13) It was then that Dad died of cancer…and mom gutted it out to retirement. Those years were miserable, but Mom did finally find what she called “a new normal”. She shared the threshold moment with me once. Dad had been gone 7 years. It was January. It had snowed the night before and Mom was hoping the Carthage schools would be closed. They weren’t. She dragged herself through the foot of snow to the garage (not detached). Got in the car and tried to barrel through the snow to the road. She got stuck. A neighbor, Mrs. Moe, dug her out. She got out to the main highway and noticed her fuel tank was empty. She hated filling up her car, but she turned back and, standing out in the cold and wind (10 below wind chill), she burst into tears. Dad was the one who always did this stuff for her. She missed him so. All the way to Carthage she drove over “finger drifts” two or three feet long. Trying to reach Carthage. Finally, about halfway there, she just couldn’t do it anymore. She pulled over to the side of the road and much like “Hagar” in the biblical story (her words not mine): “I just pulled over and gave up. I just couldn’t go another step.” But as she collapsed in tears, she heard a voice. At first, she thought it was Dad. (She said he often spoke to her those first few years). But this voice was deeper. “It’s like it came from the basement of time.” she said. “I know it’s crazy, but I can only speak from experience. I really think it was God. And God told me ‘Elsie, you can do this. Just pull back in the lane and go forward one drift at a time. Hang in there. I’m with you. ‘” Mom took the words to heart. And it was then that she started moving forward again in life. Finding what she called “her new normal”.

14) She then moved to Sioux Falls where I do think for one of the first times in her life was able to have some agency, some control to make her life hers!



15) And then in 2019 the Pandemic hit, and we decided to move her to be with my sister, Liz, in Ft. Pierre. One day she pulled me aside and asked me. Why did you make me move? I explained and she hugged me. “It was the right decision, Brook. Liz has been the best. I don’t know how I would have made it through without her.”


16) And now to Wessington Springs to be in a care center.


I know that’s a long journey, but I wanted to share it with you because I wanted you to know of all the sacrifices my mom made. All the positions and jobs she gave up because of being the spouse of a pastor. She never got to move “up” in her career. She always had to take “what was available”. She never got a choice on the “where” of it all. She never really had a chance to have full agency in many of the matters that mattered most to her. She just took the baton that was given to her and ran it on to the next stop. Over and over and over and over and over and over and over again. My mom made friends not because they were people she chose, she made friends because those were the people next to her. And she was genuine in the effort! She never once was “asked” to help with Sunday School or VBS…she just found herself in charge. And she did it all with remarkable and tenacious enthusiasm!


One of my favorite images of my mother is an image I have of my mom playing with my then 1-year-old grand-daughter, Emerson. We had just received a package from Amazon and one of the leavings was a great big cardboard box. Emerson was on our lap at the time, a little fussy. What am I saying? She was wailing!

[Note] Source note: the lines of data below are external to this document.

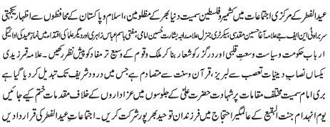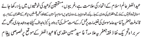 RAWALPINDI, April 22: Eidul Fitr is the symbol of unity of the Islamic world, remember destitute and needy in your happiness - Agha Muqadasi |
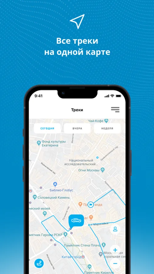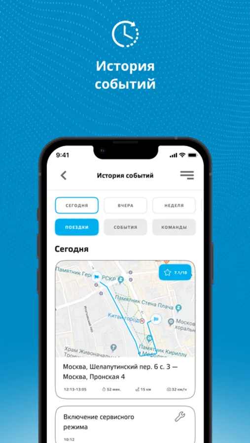 - просматривать историю поездок и всех событий на маршрутах автомобиля
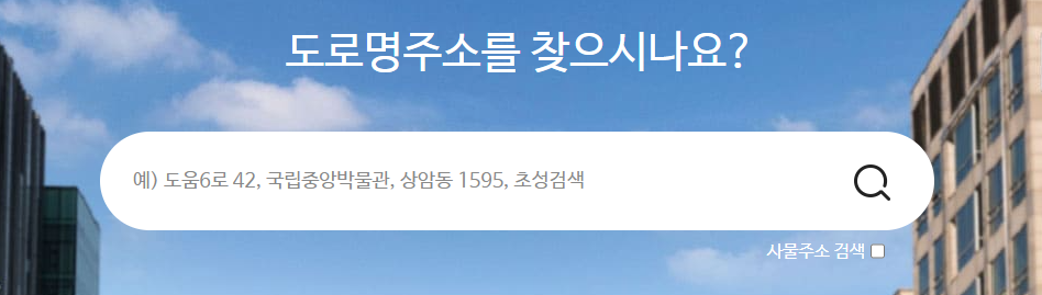 도로명주소를 찾기 위해서는 검색창에 찾고자 하는 동과 지번을 입력하면 검색이 가능합니다. 하지만 지번을 모를 경우에도 동과 건물이름을 입력하면 검색결과를 확인할 수 있습니다.
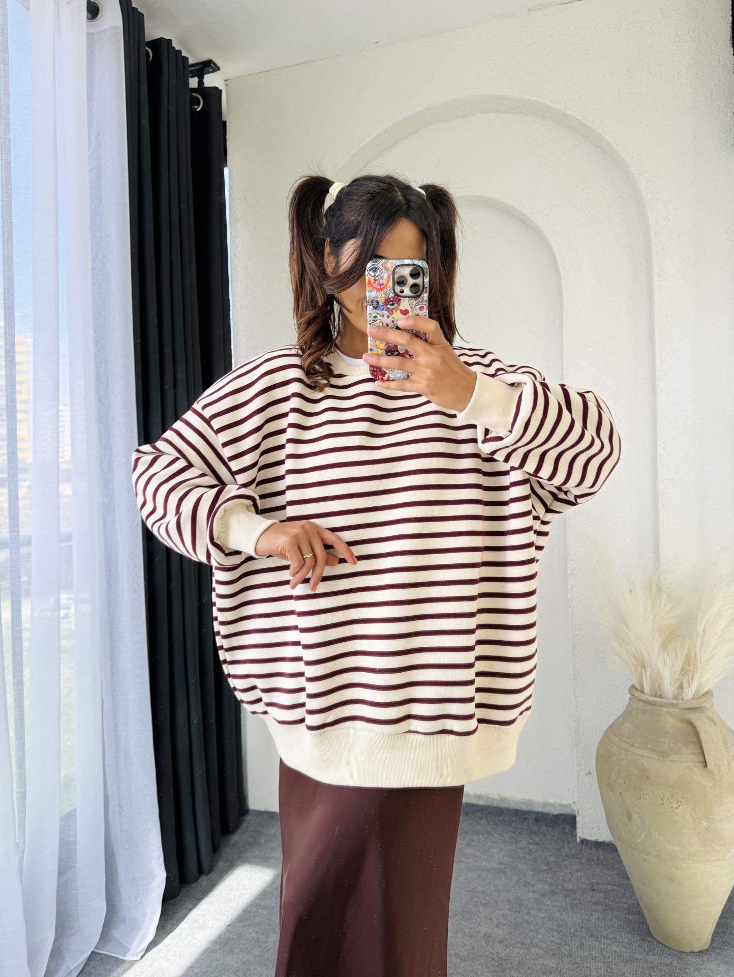 Premium kalite oversize kesim 3 iplik şardonludur krem üzeri bordo çizgilidir 44 bedene kadar uyumludur
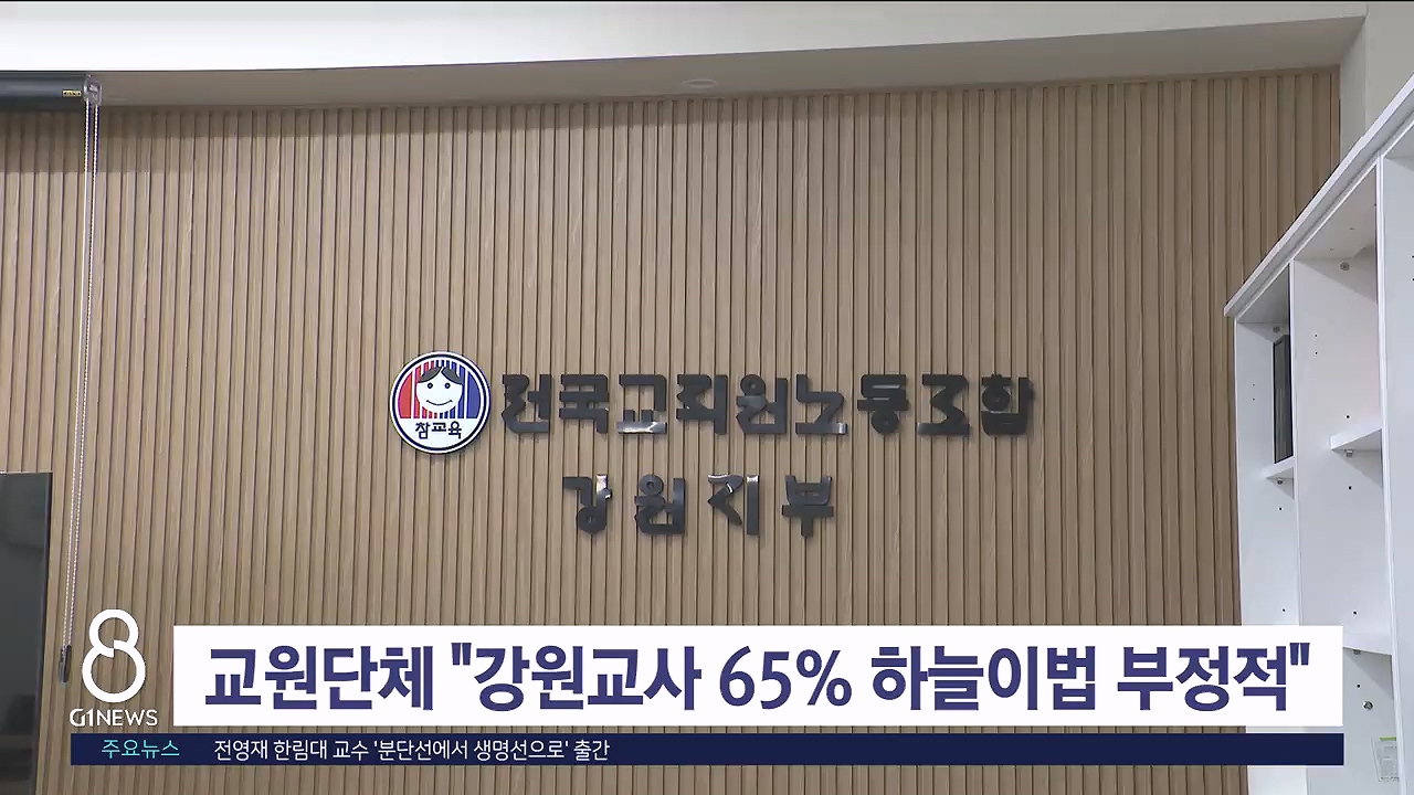 강원지역에 근무하는 교사 10명 중 6명이 '대전 초등학생 사망사건' 관련 입법이 추진 중인 이른바 '하늘이법'에 부정적인 것으로 나타났습니다.

So, mom, then 88, got down on her hands and knees and started crawling in the box, all the time making wild animal noises and playing “peek” with Em. Instantly, Emerson was off our lap and in the box with great grandma, tears still in her eyes, but heart now filled and overflowing with laughter. Mom played down on that floor for over an hour!


Yes, Mom is moving to a care center. Yes, Mom is struggling with memory and health. But I truly don’t worry about her much. She’s done this before. She will have 5 friends by tomorrow. And if a little 1-year-old is crying, she will figure out a way to take a box and her heart and make some joy!


What a gift she is…what a joy brings to the world…what a witness she is for us all!

Your son, Brook, number 7, wishing you a wonderful transition. And praying not only for you, Mom, but for every clergy family that is (or has) making/made that same transition this month. You are not alone! And you most certainly can make it happen!